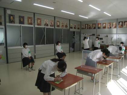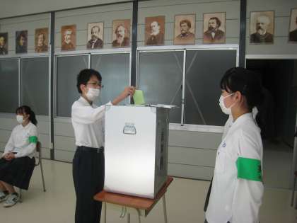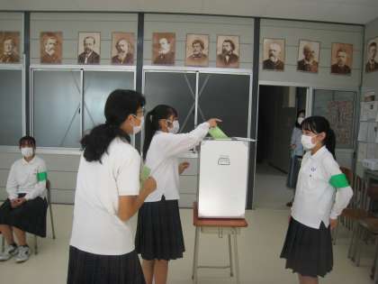 演説後の投票は、投票箱を使うなど初めての形式で行いました。投票する生徒たちも緊張気味です。
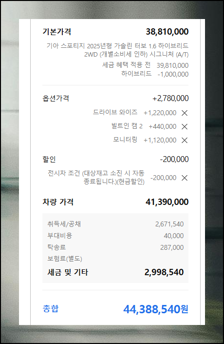 마우스 클릭 몇 번으로 원하는 모델과 옵션을 선택하면 자동으로 최종 구매 금액까지 계산해주니 대리점 방문 전에 미리 예산을 짜볼 수 있습니다.
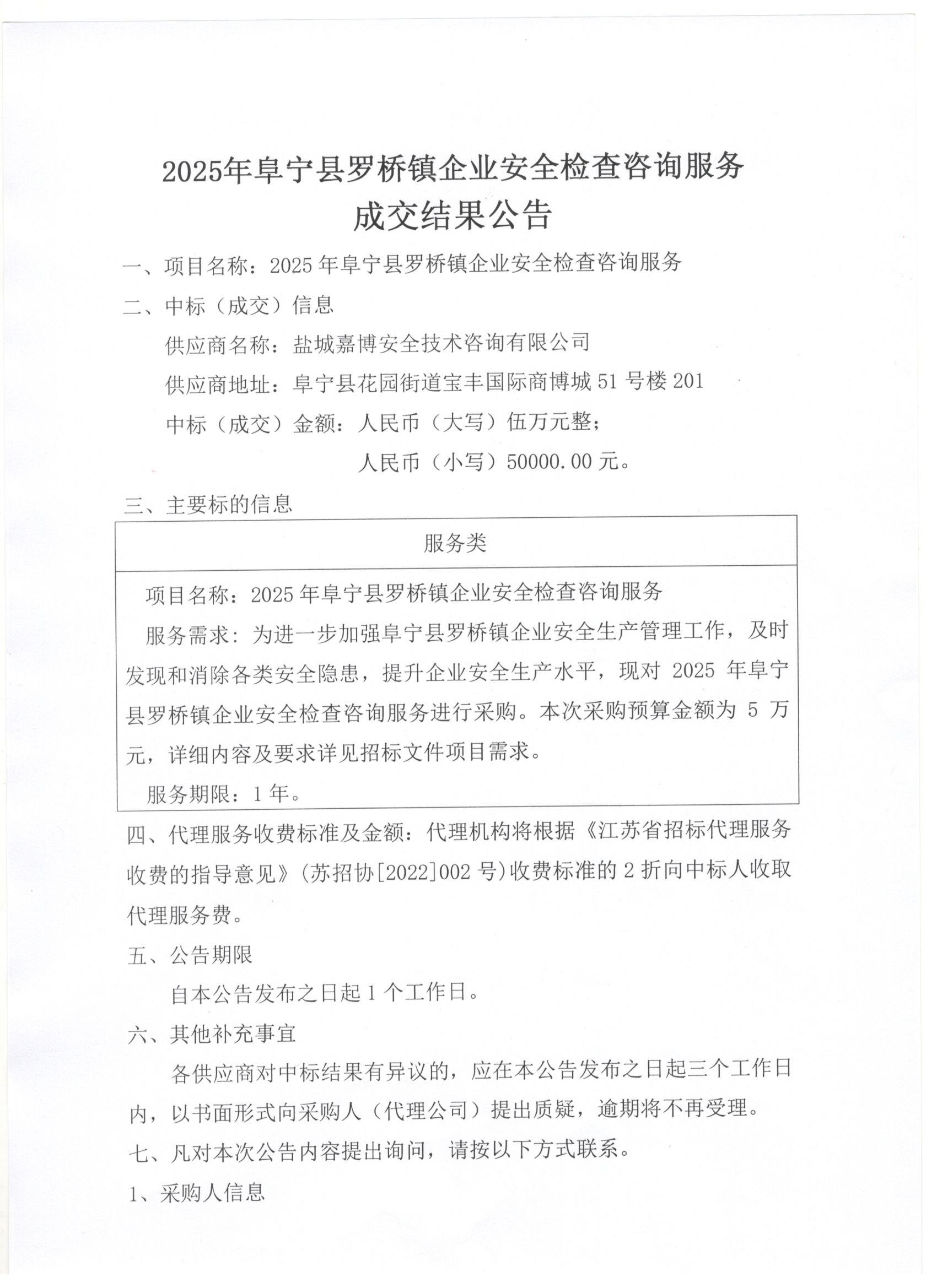 2025年阜宁县罗桥镇企业安全检查咨询服务

Your goal — Once the pictures are set aside, repeat the remaining data word for word.

Finished exercise —
 演説後の投票は、投票箱を使うなど初めての形式で行いました。投票する生徒たちも緊張気味です。
 마우스 클릭 몇 번으로 원하는 모델과 옵션을 선택하면 자동으로 최종 구매 금액까지 계산해주니 대리점 방문 전에 미리 예산을 짜볼 수 있습니다.
 2025年阜宁县罗桥镇企业安全检查咨询服务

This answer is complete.